PhotoFlow is an agentic framework for language-conditioned virtual photography in controllable 3D scenes. Given a Blender scene and a natural-language photography intent, PhotoFlow searches for an executable camera state, including camera pose, look-at target, lens, aperture, and aspect ratio, then renders the final photograph.
PhotoFlow treats virtual photography as a closed-loop spatial-aesthetic search problem. The agent is organized around three roles:
- Director proposes diverse candidate camera states from scene scouts, soft photographic blueprints, global anchors, and region memory.
- Reviewer evaluates rendered previews using structured rule checks, visual critique, and pairwise incumbent selection.

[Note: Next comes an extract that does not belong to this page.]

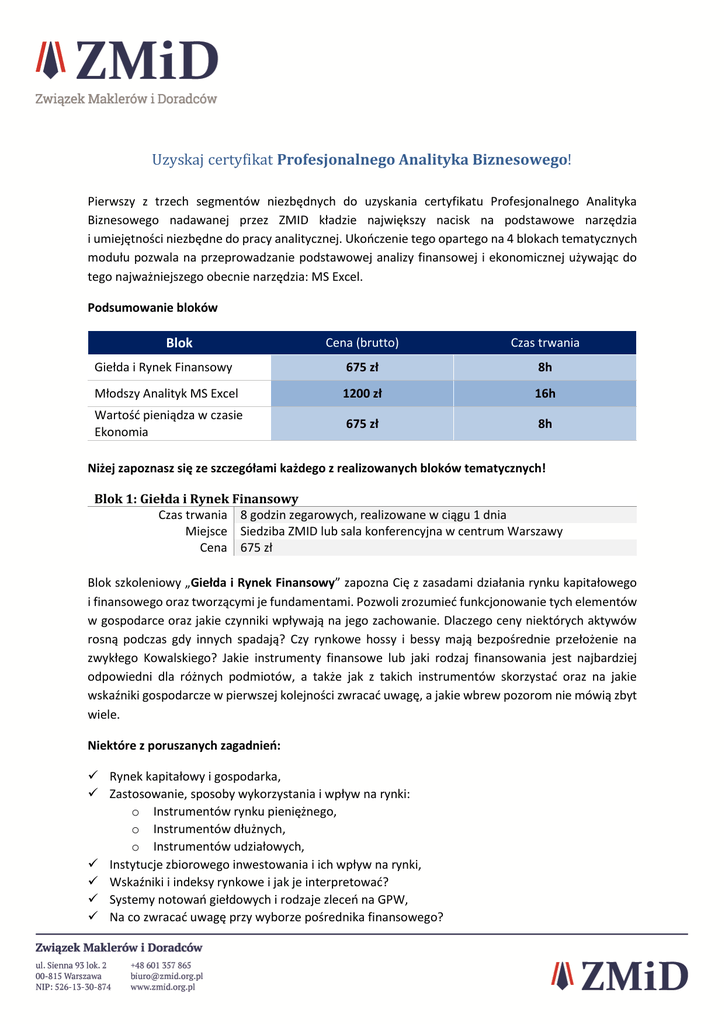 Uzyskaj certyfikat Profesjonalnego Analityka Biznesowego! Pierwszy z trzech segmentów niezbędnych do uzyskania certyfikatu Profesjonalnego Analityka Biznesowego nadawanej przez ZMID kładzie największy nacisk na podstawowe narzędzia i umiejętności niezbędne do pracy analitycznej. Ukończenie tego opartego na 4 blokach tematycznych modułu pozwala na przeprowadzanie podstawowej analizy finansowej i ekonomicznej używając do tego najważniejszego obecnie narzędzia: MS Excel. Podsumowanie bloków Blok Cena (brutto) Czas trwania Giełda i Rynek Finansowy 675 zł 8h Młodszy Analityk MS Excel 1200 zł 16h Wartość pieniądza w czasie Ekonomia 675 zł 8h Niżej zapoznasz się ze szczegółami każdego z realizowanych bloków tematycznych! Blok 1: Giełda i Rynek Finansowy Czas trwania 8 godzin zegarowych, realizowane w ciągu 1 dnia Miejsce Siedziba ZMID lub sala konferencyjna w centrum Warszawy Cena 675 zł Blok szkoleniowy „Giełda i Rynek Finansowy” zapozna Cię z zasadami działania rynku kapitałowego i finansowego oraz tworzącymi je fundamentami. Pozwoli zrozumieć funkcjonowanie tych elementów w gospodarce oraz jakie czynniki wpływają na jego zachowanie. Dlaczego ceny niektórych aktywów rosną podczas gdy innych spadają? Czy rynkowe hossy i bessy mają bezpośrednie przełożenie na zwykłego Kowalskiego? Jakie instrumenty finansowe lub jaki rodzaj finansowania jest najbardziej odpowiedni dla różnych podmiotów, a także jak z takich instrumentów skorzystać oraz na jakie wskaźniki gospodarcze w pierwszej kolejności zwracać uwagę, a jakie wbrew pozorom nie mówią zbyt wiele. Niektóre z poruszanych zagadnień: Rynek kapitałowy i gospodarka, Zastosowanie, sposoby wykorzystania i wpływ na rynki: o Instrumentów rynku pieniężnego, o Instrumentów dłużnych, o Instrumentów udziałowych, Instytucje zbiorowego inwestowania i ich wpływ na rynki, Wskaźniki i indeksy rynkowe i jak je interpretować? Systemy notowań giełdowych i rodzaje zleceń na GPW, Na co zwracać uwagę przy wyborze pośrednika finansowego? Blok 2: Podstawy analizy finansowej w MS Excel (Młodszy Analityk MS Excel) Czas trwania 16 godzin zegarowych, realizowane w ciągu 2 dni Miejsce Siedziba ZMID lub sala konferencyjna w centrum Warszawy Cena 1200 zł Blok szkoleniowy „Podstawy analizy w MS Excel” to praktyczne zajęcia z najważniejszym w analitycznej pracy narzędziem. Rozwijając umiejętności z zakresu tworzenia, operowania i analizy dużych baz danych, które są niezbędne dla wszystkich zatrudnionych w działach analiz, działach sprzedaży, firmach produkcyjnych czy instytucjach finansowych. Niektóre z poruszanych zagadnień: Gdzie szukać danych i jak sprawdzać ich wiarygodność? Najczęstsze błędy analityczne oraz metody ich wyszukiwania i unikania Dobre praktyki wizualizacji danych oraz rozpoznawanie manipulacji w prezentacji Różne wskaźniki oceny efektywności, które mają zastosowanie w finansach, produkcji czy logistyce Wpływ zmiany wartości pieniądza w czasie na decyzje w firmie Opłacalność zaciągania kredytów i innych zobowiązań w firmie Sposoby oceny projektów gospodarczych w firmie Podstawy analizy ryzyka w ocenie projektów Funkcjonalności MS Excel: o Funkcje logiczne, o Funkcje finansowe, o Narzędzia analizy warunkowej , o Narzędzie „Tekst jako kolumny”, o Dodatek solver, o Funkcje „Wyszukaj pionowo”, „Indeks”, „Podaj.pozycję”, o Podstawy i nagrywanie makr, o Tabele oraz wykresy przestawne, o Narzędzie „Formatowanie warunkowe”, o Ochrona danych, o Narzędzie „Poprawność danych”. Blok 3 i 4: Wartość pieniądza w czasie i ekonomia Czas trwania 8 godzin zegarowych, realizowane w ciągu 1 dnia Miejsce Siedziba ZMID lub sala konferencyjna w centrum Warszawy Cena 675 zł Bloki szkoleniowe „Wartość pieniądze w czasie i ekonomia” to praktyczny aspekt oszczędzania i inwestowania. Ile naprawdę warte są pieniądze lub dana inwestycja oraz jak ich wartość zmienia się pod wpływem rynkowych wydarzeń. Jakie są najważniejsze elementy tworzące współczesną gospodarkę oraz jakie są wzajemne zależności pomiędzy nimi i co je kształtuje. Czy zerowe bezrobocie to naprawdę coś do czego powinniśmy dążyć? Czy deflacja jest lepsza od inflacji? Niektóre z poruszanych zagadnień: Dyskontowanie i kapitalizowanie – wartość bieżąca, a wartość przyszła, Rzeczywiste i efektywne stopy procentowe, Regularne przepływy pieniężne – renty, Elementy procesów gospodarczych i ich zależności: o Polityka fiskalna i monetarna oraz ich wpływ na Twoje pieniądze, o Bezrobocie, o Inflacja vs deflacja, o Kursy walutowe, o Podatki. Osoby, które ukończą szkolenie ze wszystkich 4 bloków mają możliwość przystąpić do egzaminu końcowego (bezpłatnie) sprawdzającego umiejętności. Egzamin realizowany jest na komputerze i ma formę otwartych do opracowania zagadnień. Czas egzaminu to 2h. W przypadku pozytywnego wyniku, przystępujący do egzaminu otrzymuje certyfikat Analityka Biznesowego I stopnia nadawany przez Związek Maklerów i Doradców oraz ma prawo do ubiegania się o członkostwo w Związku. Blok realizowany we współpracy z 1 Giełda i Rynek Finansowy Podstawy analizy finansowej w MS Excel 2 Ekonomia 4 Analityk Biznesowy I stopnia 3 Wartość pieniądza w czasie

- Reflector converts failures into search bias, dead-zone suppression, and high-exploration relocation.
We also introduce VPhotoBench, a benchmark of language-conditioned virtual photography missions over open-license Blender scenes. The benchmark is designed to evaluate whether an agent can satisfy spatial constraints, semantic intent, aspect-ratio choices, and photographic quality in fully virtual art scenes.
This repository is currently a placeholder for the public release. We are organizing the codebase, benchmark registry, task specifications, and evaluation scripts for a clean release.
- Release the PhotoFlow agent code.
- Release the VPhotoBench scene registry and task specifications.
- Release benchmark construction notes and metadata.
- Release evaluation scripts for external metrics and aggregation.
- Release experiment configuration files for the reported baselines and ablations.
- Release selected logs and processed result tables.
- Add setup instructions for Blender, Python dependencies, and model/API configuration.
- Add example commands for running a single task and reproducing benchmark summaries.
VPhotoBench is built from publicly available Blender scenes. Some original assets may need to be downloaded from their upstream sources depending on license and file-size constraints. We will provide the scene registry, task metadata, preprocessing instructions, and scripts needed to reconstruct the benchmark layout.
The paper citation will be added after the public version is available.
The project license will be finalized before the full code release. Third-party Blender assets remain governed by their original licenses.